Over the course of the last decade, we’ve seen many examples of states adopting best practices in global learning from one another. The wide-scale adoption of the Common Core State Standards, and specifically how it relates to global competence, is a new opportunity for states to leverage one another’s thinking and models. We’ve invited Cheri Quinlan, the coordinator of World Languages, International Education, and Gifted and Talented Programs at the New Jersey Department of Education, to share with us a collaboration between New Jersey, West Virginia, and Washington—as well as many ready-to-use tools for your own state. –The editors
By Cheri Quinlan
The advent of the Common Core State Standards (CCSS) marked an historical event in the United States. For the first time ever, a majority of states had agreed upon what all students, regardless of where they live or what their circumstances are, should know and be able to do in mathematics and in language arts and literacy.
At the same time, The Longview Foundation, announced a multi-state grant competition to promote international education and to create models for other states. How can states come together both in person and virtually to create a model that moves this nation forward in its effort to prepare all students to be ready for college and an interconnected world? New Jersey, Washington, and West Virginia, each with their own unique approach to international education, were thrilled to be named recipients of the Longview Foundation grant and excited by the opportunity to develop a three-state partnership to create such models.
Here’s what we did:
New Jersey developed the Connecting to the Common Core institute, a three-day professional development opportunity for teams of K-12 teachers in all content areas. The institute was designed to facilitate the development of interdisciplinary curricular materials and effective instructional practices that address the expectations of the CCSS.
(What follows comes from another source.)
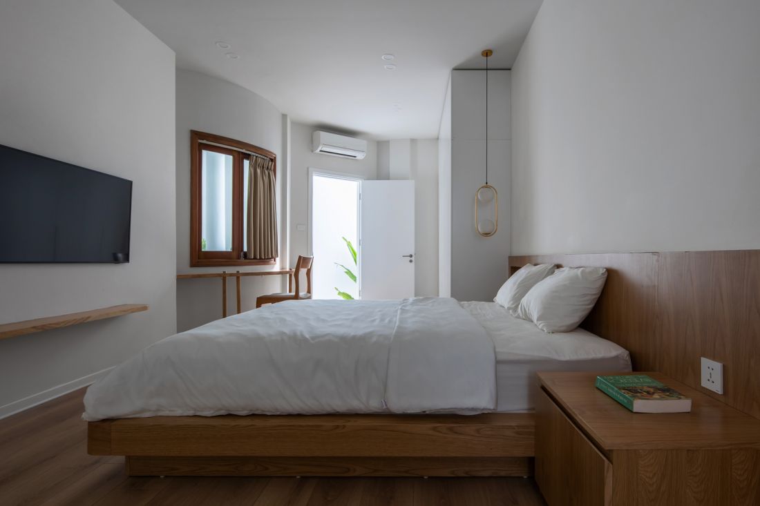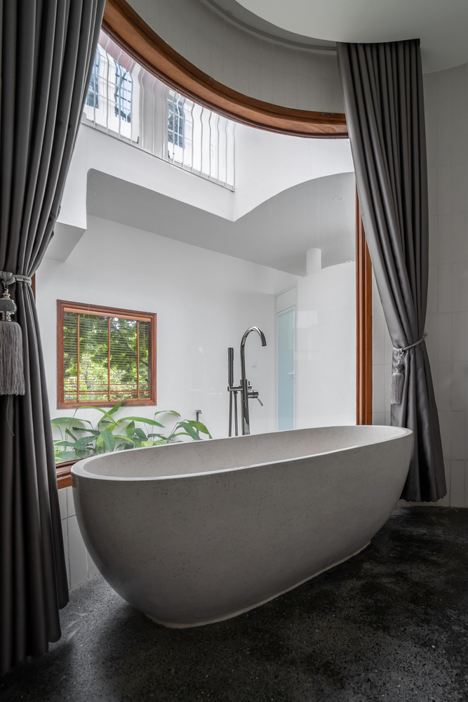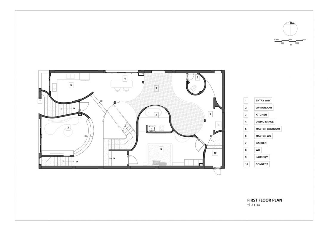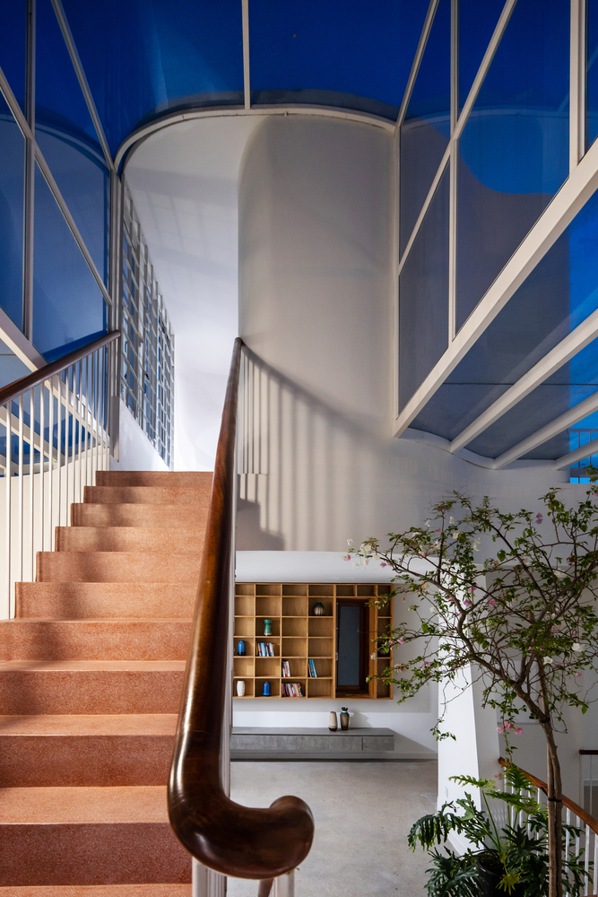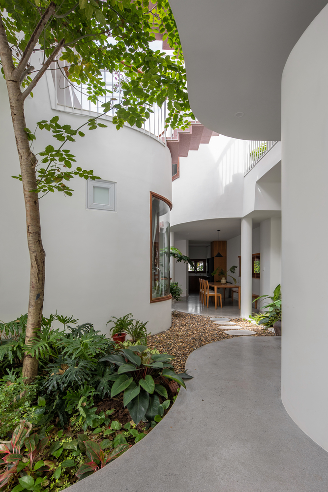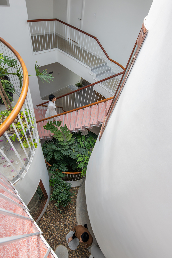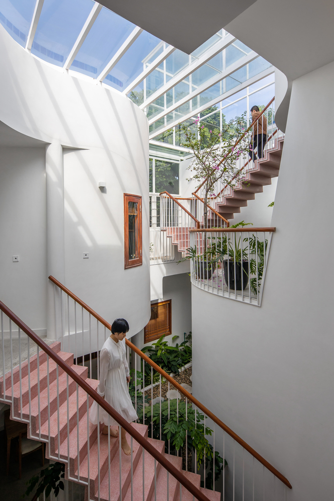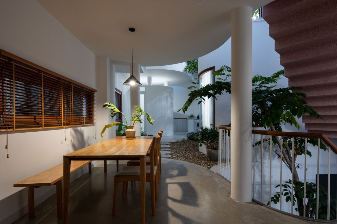 Trong nhà, không gian uốn lượn đã mang đến cái nhìn và trải nghiệm thú vị. Đồng thời phần rỗng của ngôi nhà cũng chính là lá phổi – nơi tập trung ánh sáng, gió, cây xanh.

The goal of the institute was for each team to develop interdisciplinary project based learning scenarios that incorporated global perspectives while addressing the expectations of English Language Arts Writing Standard 1. On Day One, Heidi Hayes Jacobs discussed how global perspectives could be effectively incorporated into learning experiences addressing the CCSS. Afterwards, participants explored products and practices to support the integration of global perspectives and to move the learning beyond the confines of the classroom. On Day Two, the focus moved to performance-based assessments. Mari Pearlman provided guidance in developing assessments linked to Writing Standard 1. Subsequently, participants explored Writing Standard 1 in depth, examining the components of an argument in a discipline-specific content. The last day of the institute, Carol Ann Tomlinson addressed the group about the importance of incorporating differentiated instruction strategies when designing lessons. During the fall of the current school year, the teams of teachers will come together again to examine student work related to the scenarios and to develop strategies for turnkey training within their schools and districts.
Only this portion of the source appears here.